- **WHAT THE TASK REQUIRES**
All lines from the opening of the entries below through the line containing "Женский укороченный пиджак" must be output exactly as they appear, with no other lines.

- **INFORMATION PROVIDED**
● ● ● ● ●

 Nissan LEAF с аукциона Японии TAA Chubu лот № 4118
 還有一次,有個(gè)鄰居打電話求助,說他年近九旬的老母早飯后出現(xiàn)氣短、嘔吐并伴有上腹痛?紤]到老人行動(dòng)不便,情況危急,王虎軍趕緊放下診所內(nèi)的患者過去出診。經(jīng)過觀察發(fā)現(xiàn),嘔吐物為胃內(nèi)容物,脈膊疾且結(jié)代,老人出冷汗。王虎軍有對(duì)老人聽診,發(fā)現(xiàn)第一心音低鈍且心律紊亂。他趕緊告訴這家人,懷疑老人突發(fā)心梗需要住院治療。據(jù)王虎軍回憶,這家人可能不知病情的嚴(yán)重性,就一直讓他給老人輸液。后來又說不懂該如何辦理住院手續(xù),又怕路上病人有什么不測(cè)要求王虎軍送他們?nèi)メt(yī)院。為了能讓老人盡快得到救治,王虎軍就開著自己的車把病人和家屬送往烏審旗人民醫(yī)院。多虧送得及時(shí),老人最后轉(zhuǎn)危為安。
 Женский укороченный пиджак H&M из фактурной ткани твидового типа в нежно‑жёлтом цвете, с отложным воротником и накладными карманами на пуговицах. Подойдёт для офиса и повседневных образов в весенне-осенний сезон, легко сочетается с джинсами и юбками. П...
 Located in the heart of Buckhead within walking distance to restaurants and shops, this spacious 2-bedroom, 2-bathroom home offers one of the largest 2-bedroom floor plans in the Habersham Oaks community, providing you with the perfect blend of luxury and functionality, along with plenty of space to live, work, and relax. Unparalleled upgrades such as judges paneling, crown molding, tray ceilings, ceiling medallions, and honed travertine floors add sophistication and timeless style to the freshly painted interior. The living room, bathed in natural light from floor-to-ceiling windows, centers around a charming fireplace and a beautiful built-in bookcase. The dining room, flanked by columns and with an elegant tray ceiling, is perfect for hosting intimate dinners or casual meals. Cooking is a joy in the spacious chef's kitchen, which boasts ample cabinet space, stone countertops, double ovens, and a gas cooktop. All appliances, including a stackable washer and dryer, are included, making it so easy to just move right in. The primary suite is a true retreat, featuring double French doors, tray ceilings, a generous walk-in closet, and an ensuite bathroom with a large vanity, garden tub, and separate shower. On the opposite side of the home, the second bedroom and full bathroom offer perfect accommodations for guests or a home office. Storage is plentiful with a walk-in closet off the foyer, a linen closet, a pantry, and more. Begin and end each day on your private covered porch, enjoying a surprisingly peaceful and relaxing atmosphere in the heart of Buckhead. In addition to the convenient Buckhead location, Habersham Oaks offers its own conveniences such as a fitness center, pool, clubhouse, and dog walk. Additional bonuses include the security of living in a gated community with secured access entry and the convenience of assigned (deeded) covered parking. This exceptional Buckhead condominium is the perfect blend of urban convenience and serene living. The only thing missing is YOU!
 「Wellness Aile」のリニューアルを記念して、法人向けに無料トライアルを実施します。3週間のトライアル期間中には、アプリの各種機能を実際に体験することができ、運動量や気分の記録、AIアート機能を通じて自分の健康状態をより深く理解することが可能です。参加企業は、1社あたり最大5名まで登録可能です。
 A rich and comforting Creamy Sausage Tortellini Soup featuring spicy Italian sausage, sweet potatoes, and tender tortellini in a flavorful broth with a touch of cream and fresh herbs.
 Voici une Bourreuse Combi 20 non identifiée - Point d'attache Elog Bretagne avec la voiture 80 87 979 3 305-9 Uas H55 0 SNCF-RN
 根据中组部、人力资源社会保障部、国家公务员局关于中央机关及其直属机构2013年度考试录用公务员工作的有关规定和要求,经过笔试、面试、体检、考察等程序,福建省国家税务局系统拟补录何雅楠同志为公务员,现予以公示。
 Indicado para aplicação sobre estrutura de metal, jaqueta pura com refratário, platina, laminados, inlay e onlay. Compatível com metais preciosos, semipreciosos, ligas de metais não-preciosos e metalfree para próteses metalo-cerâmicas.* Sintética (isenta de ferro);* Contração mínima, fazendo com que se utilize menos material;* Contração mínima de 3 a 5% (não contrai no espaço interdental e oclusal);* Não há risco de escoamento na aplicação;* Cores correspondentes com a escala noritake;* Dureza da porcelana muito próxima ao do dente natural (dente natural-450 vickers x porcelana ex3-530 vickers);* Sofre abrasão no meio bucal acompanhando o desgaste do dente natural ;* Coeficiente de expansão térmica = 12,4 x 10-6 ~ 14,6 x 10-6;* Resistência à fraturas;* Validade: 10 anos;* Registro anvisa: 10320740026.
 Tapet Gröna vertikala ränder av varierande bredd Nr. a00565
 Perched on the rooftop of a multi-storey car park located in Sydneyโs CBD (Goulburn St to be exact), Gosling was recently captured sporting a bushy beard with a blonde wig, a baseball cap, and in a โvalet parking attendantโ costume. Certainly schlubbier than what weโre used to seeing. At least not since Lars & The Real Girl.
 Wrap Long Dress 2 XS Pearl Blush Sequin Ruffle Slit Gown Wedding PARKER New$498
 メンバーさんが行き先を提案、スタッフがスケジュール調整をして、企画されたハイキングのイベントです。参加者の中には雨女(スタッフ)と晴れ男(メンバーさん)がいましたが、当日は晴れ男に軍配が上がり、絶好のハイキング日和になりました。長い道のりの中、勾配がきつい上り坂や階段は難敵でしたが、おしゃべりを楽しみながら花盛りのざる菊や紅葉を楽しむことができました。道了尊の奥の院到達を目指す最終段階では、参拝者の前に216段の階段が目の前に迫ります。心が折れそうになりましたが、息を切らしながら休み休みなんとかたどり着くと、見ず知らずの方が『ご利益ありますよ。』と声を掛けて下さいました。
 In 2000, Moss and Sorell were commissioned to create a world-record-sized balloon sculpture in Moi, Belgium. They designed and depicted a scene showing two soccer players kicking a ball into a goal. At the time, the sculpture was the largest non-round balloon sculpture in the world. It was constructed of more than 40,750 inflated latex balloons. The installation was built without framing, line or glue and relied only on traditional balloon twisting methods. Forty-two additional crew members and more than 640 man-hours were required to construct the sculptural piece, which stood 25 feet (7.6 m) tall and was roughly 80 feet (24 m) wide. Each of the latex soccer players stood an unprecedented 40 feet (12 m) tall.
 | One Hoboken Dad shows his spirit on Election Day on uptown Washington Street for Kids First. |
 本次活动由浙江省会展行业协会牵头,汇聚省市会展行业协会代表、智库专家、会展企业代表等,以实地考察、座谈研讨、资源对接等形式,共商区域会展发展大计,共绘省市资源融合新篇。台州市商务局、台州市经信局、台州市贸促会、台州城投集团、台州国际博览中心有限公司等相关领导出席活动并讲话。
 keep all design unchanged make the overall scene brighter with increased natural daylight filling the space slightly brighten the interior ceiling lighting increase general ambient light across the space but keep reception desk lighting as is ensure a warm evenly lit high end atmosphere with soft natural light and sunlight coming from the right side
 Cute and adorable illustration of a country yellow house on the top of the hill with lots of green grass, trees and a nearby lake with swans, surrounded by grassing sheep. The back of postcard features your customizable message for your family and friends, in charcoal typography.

● ● ● ● ●

- **EXPECTED OUTPUT**
 Nissan LEAF с аукциона Японии TAA Chubu лот № 4118
 還有一次,有個(gè)鄰居打電話求助,說他年近九旬的老母早飯后出現(xiàn)氣短、嘔吐并伴有上腹痛?紤]到老人行動(dòng)不便,情況危急,王虎軍趕緊放下診所內(nèi)的患者過去出診。經(jīng)過觀察發(fā)現(xiàn),嘔吐物為胃內(nèi)容物,脈膊疾且結(jié)代,老人出冷汗。王虎軍有對(duì)老人聽診,發(fā)現(xiàn)第一心音低鈍且心律紊亂。他趕緊告訴這家人,懷疑老人突發(fā)心梗需要住院治療。據(jù)王虎軍回憶,這家人可能不知病情的嚴(yán)重性,就一直讓他給老人輸液。后來又說不懂該如何辦理住院手續(xù),又怕路上病人有什么不測(cè)要求王虎軍送他們?nèi)メt(yī)院。為了能讓老人盡快得到救治,王虎軍就開著自己的車把病人和家屬送往烏審旗人民醫(yī)院。多虧送得及時(shí),老人最后轉(zhuǎn)危為安。
 Женский укороченный пиджак H&M из фактурной ткани твидового типа в нежно‑жёлтом цвете, с отложным воротником и накладными карманами на пуговицах. Подойдёт для офиса и повседневных образов в весенне-осенний сезон, легко сочетается с джинсами и юбками. П...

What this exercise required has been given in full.